> _THE DATA_
== Segment start ==
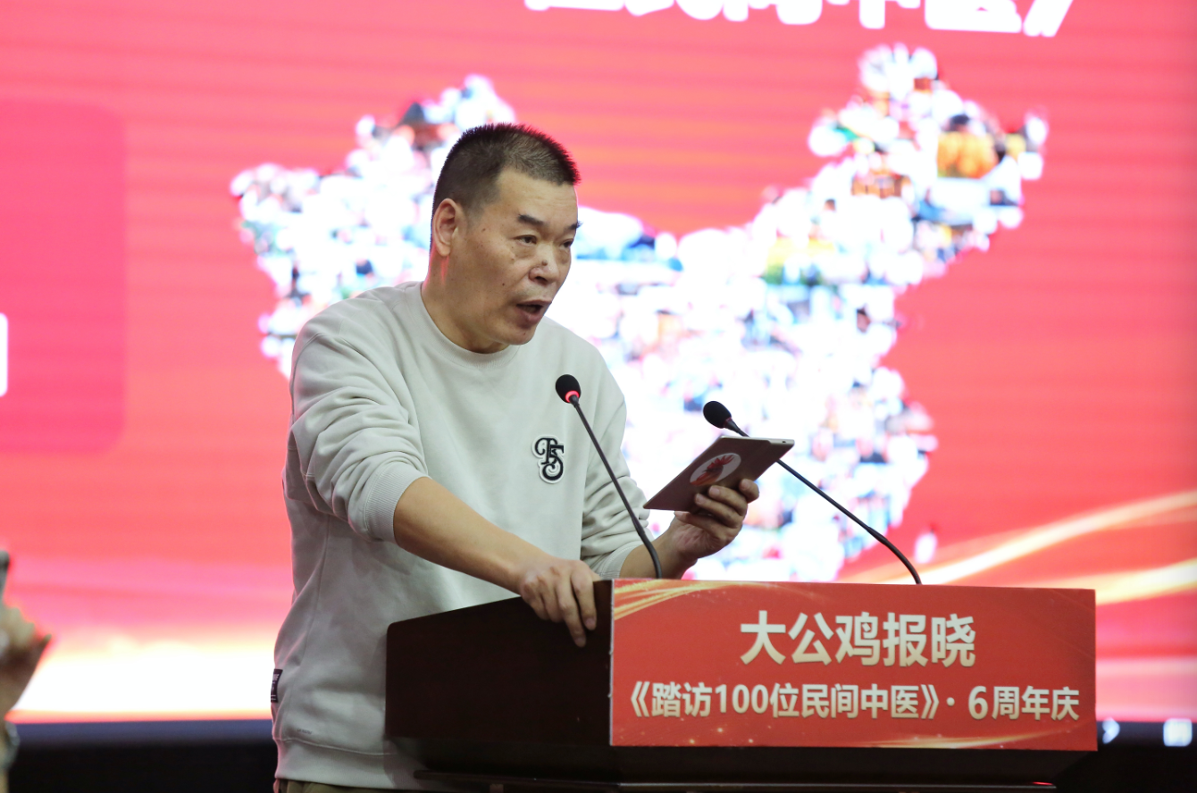 《大公鸡报晓》项目创始人杨东在庆典上分享了六年来的心路历程。2017年,杨东与妻子刘稳,这对心怀传统医学传承使命的夫妻,开启了一项前所未有的民间中医探访之旅。他们自费购置拍摄设备,驾车穿梭于城乡之间,寻找那些散落民间的中医高手。
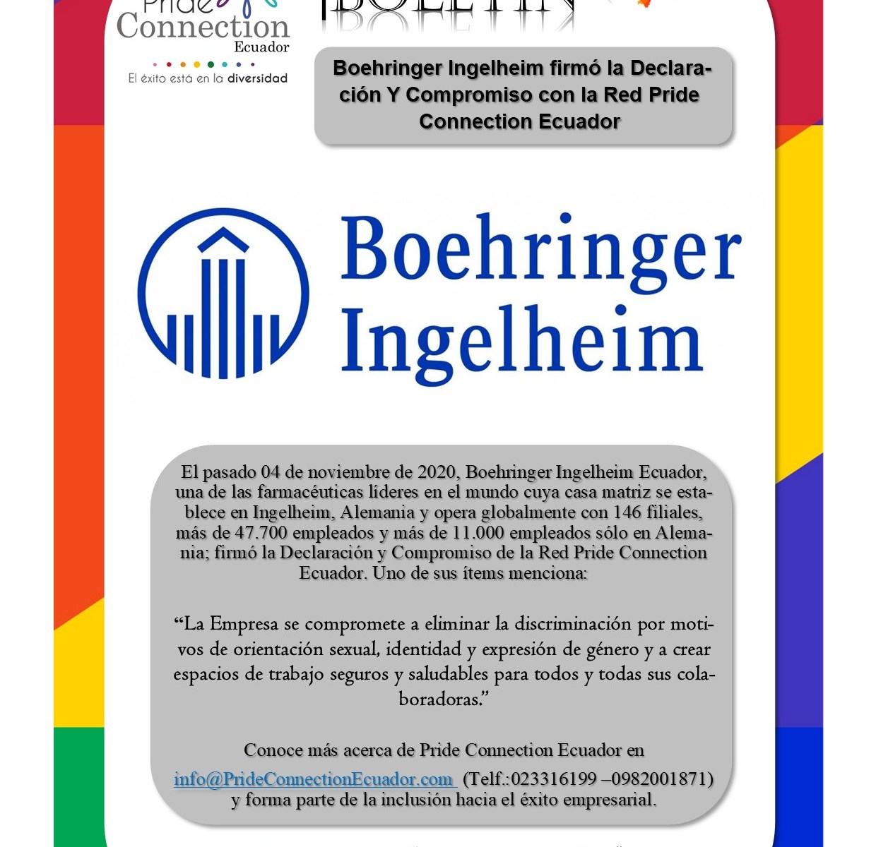 Boehringer-Ingelheim firmó la Declaración Y Compromiso con la Red Pride Connection Ecuador El pasado 04 de noviembre de 2020, Boehringer Ingelheim Ecuador, una de las farmacéuticas líderes en el mundo cuya casa matriz se establece en Ingelheim, Alemania y opera globalmente con 146 filiales, más de 47.700 empleados y más de 11.000 empleados sólo en …
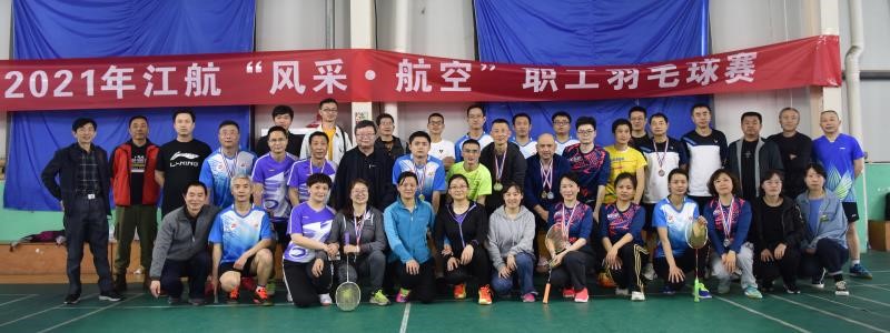 2021年江航“风采•航空”职工羽毛球赛分为预赛和决赛两个阶段在“羽之星”羽毛球馆进行。公司党委副书记、工会主席王永骞亲临决赛现场观看比赛,鼓劲为参赛选手呐喊加油,并为获得五个项目前四名的参赛队员颁发了奖金和奖牌。
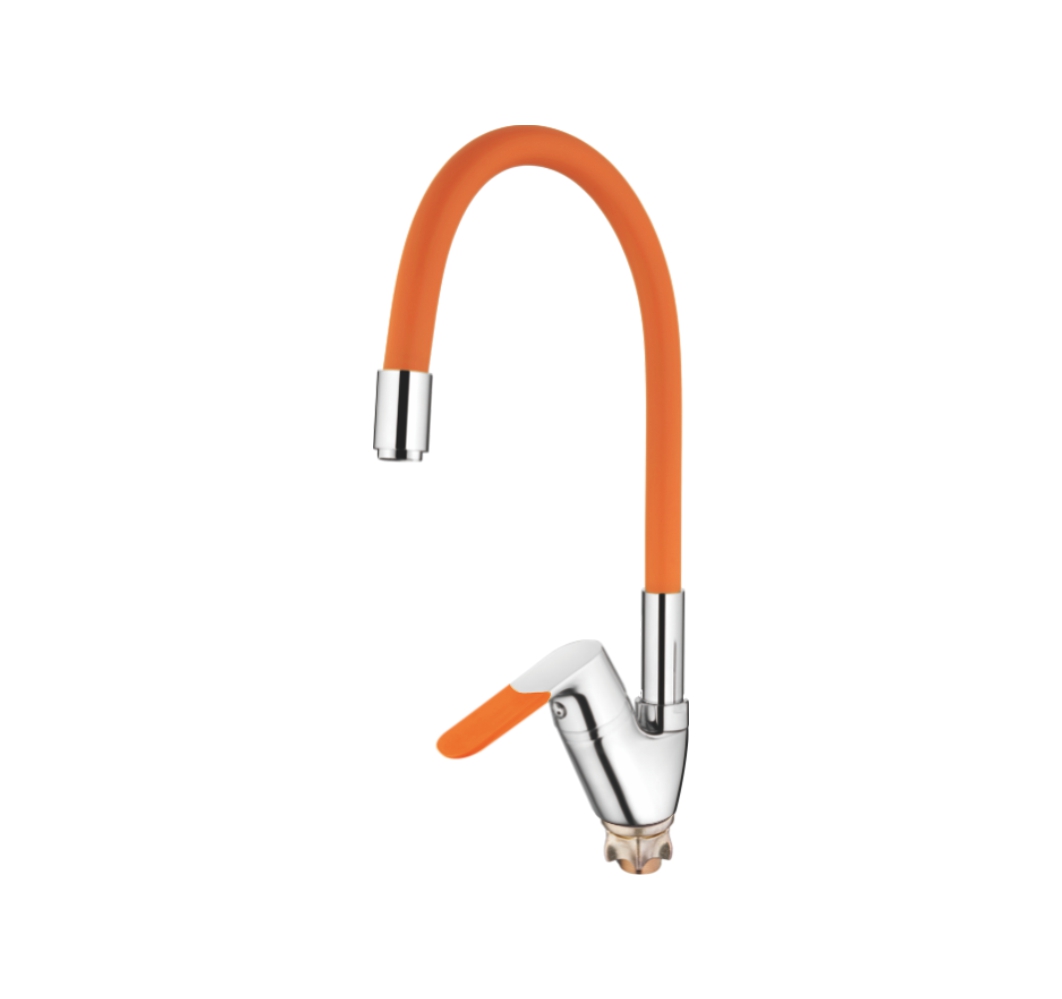Смеситель для кухни Accoona A4819P - стильный и функциональный выбор для вашей кухни. Изготовленный из латуни, этот смеситель обеспечивает прочность и долговечность, а двухцветное покрытие из хрома и оранжевого придает ему современный и яркий вид.Однорычажное управление и гибкий поворотный излив обеспечивают удобство и комфорт в использовании. Аэратор на изливе позволяет экономить воду и делает струю более мягкой и равномерной.
== Segment end ==
> _DIRECTIONS_
Make an exact printout of the listing above, omitting the images.

> _RESPONSE FOR THIS EXERCISE_
 《大公鸡报晓》项目创始人杨东在庆典上分享了六年来的心路历程。2017年,杨东与妻子刘稳,这对心怀传统医学传承使命的夫妻,开启了一项前所未有的民间中医探访之旅。他们自费购置拍摄设备,驾车穿梭于城乡之间,寻找那些散落民间的中医高手。
 Boehringer-Ingelheim firmó la Declaración Y Compromiso con la Red Pride Connection Ecuador El pasado 04 de noviembre de 2020, Boehringer Ingelheim Ecuador, una de las farmacéuticas líderes en el mundo cuya casa matriz se establece en Ingelheim, Alemania y opera globalmente con 146 filiales, más de 47.700 empleados y más de 11.000 empleados sólo en …
 2021年江航“风采•航空”职工羽毛球赛分为预赛和决赛两个阶段在“羽之星”羽毛球馆进行。公司党委副书记、工会主席王永骞亲临决赛现场观看比赛,鼓劲为参赛选手呐喊加油,并为获得五个项目前四名的参赛队员颁发了奖金和奖牌。
Смеситель для кухни Accoona A4819P - стильный и функциональный выбор для вашей кухни. Изготовленный из латуни, этот смеситель обеспечивает прочность и долговечность, а двухцветное покрытие из хрома и оранжевого придает ему современный и яркий вид.Однорычажное управление и гибкий поворотный излив обеспечивают удобство и комфорт в использовании. Аэратор на изливе позволяет экономить воду и делает струю более мягкой и равномерной.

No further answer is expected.